All analyses were conducted using R version 4.0.3 and the next packages: dlnm version 2.4.6 for the distributed lag model, lme4 version 1.1–27.1 for linear mixed-effects models, and MLmetrics version 1.1.1 for evaluation metrics30, 37, 38. All included data are publicly available; data and code used for evaluation is offered on Github (https://github.com/marikamaecusick/RunningAP).
Sensitivity analyses
First, given uncertainty of the impact that different lagged exposures may impose, we considered alternative variety of lags by running the models using 14-day and 28-day lags for all 4 of our exposures.
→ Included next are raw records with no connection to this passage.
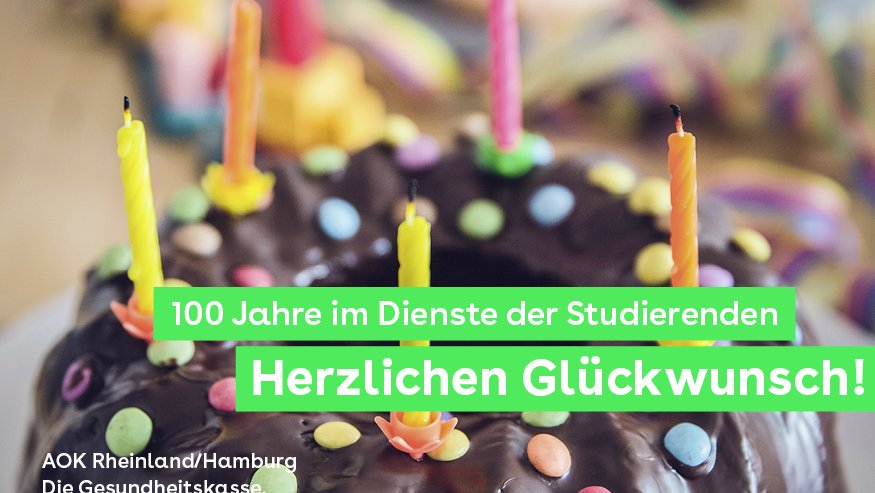 Moin liebes Team des Studierendenwerks Hamburg, wir wünschen euch alles Gute zum 100. Geburtstag und macht weiter so, wir freuen uns auf die weiterhin gute Zusammenarbeit. Liebe Grüße vom Team der AOK Studentengeschäftsstelle auf dem Campus
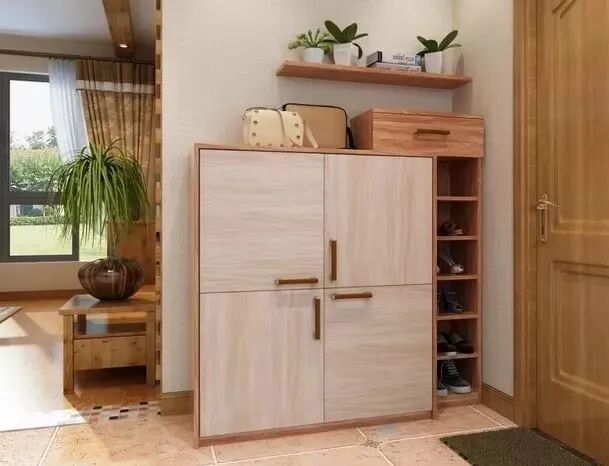 相比起来,采用定制的通顶式鞋柜或组合柜就更加整洁有质感,收纳空间也更大,还能充分利用空间!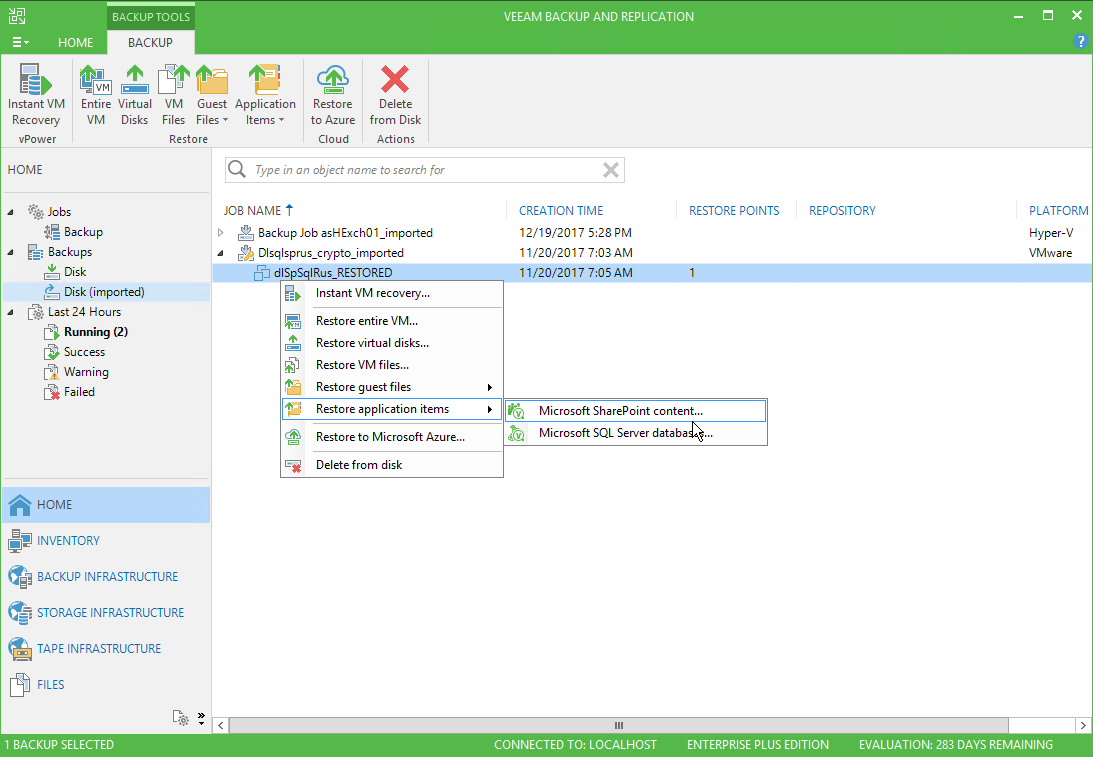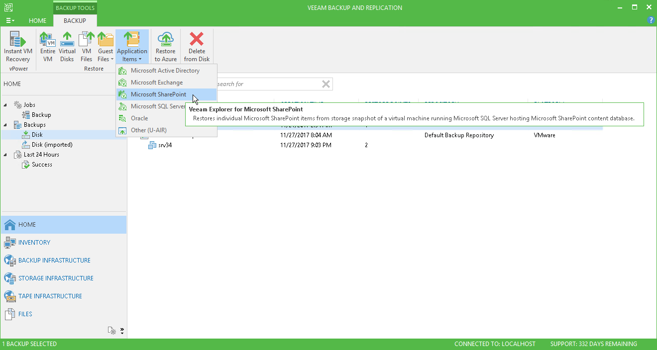 - In Veeam Backup & Replication, open the Home view. Select the Backups node, and in the working area on the right expand the backup or replication job with the SharePoint server you need. Select the SharePoint server VM and click Application items > Microsoft SharePoint on the toolbar in the Backup tab. Note that this course of actions can be used for regular and imported backups. You will be taken to the Step 3. Select Restore Point of the Microsoft SharePoint Item Restore Wizard.

Second, we fit 1000 negative exposure models, which evaluate the impact of a perturbed exposure matrix randomly sampled from exposures in our study, on race outcomes. If we detected statistically significant associations for greater than 5% of the models, this is able to suggest that our confidence intervals are overly confident (i.e., too narrow)39, 40. We assessed the proportion of perturbed exposure matrices that had a statistically significant cumulative effect for every of our exposures when comparing the 20–eightieth percentile exposure.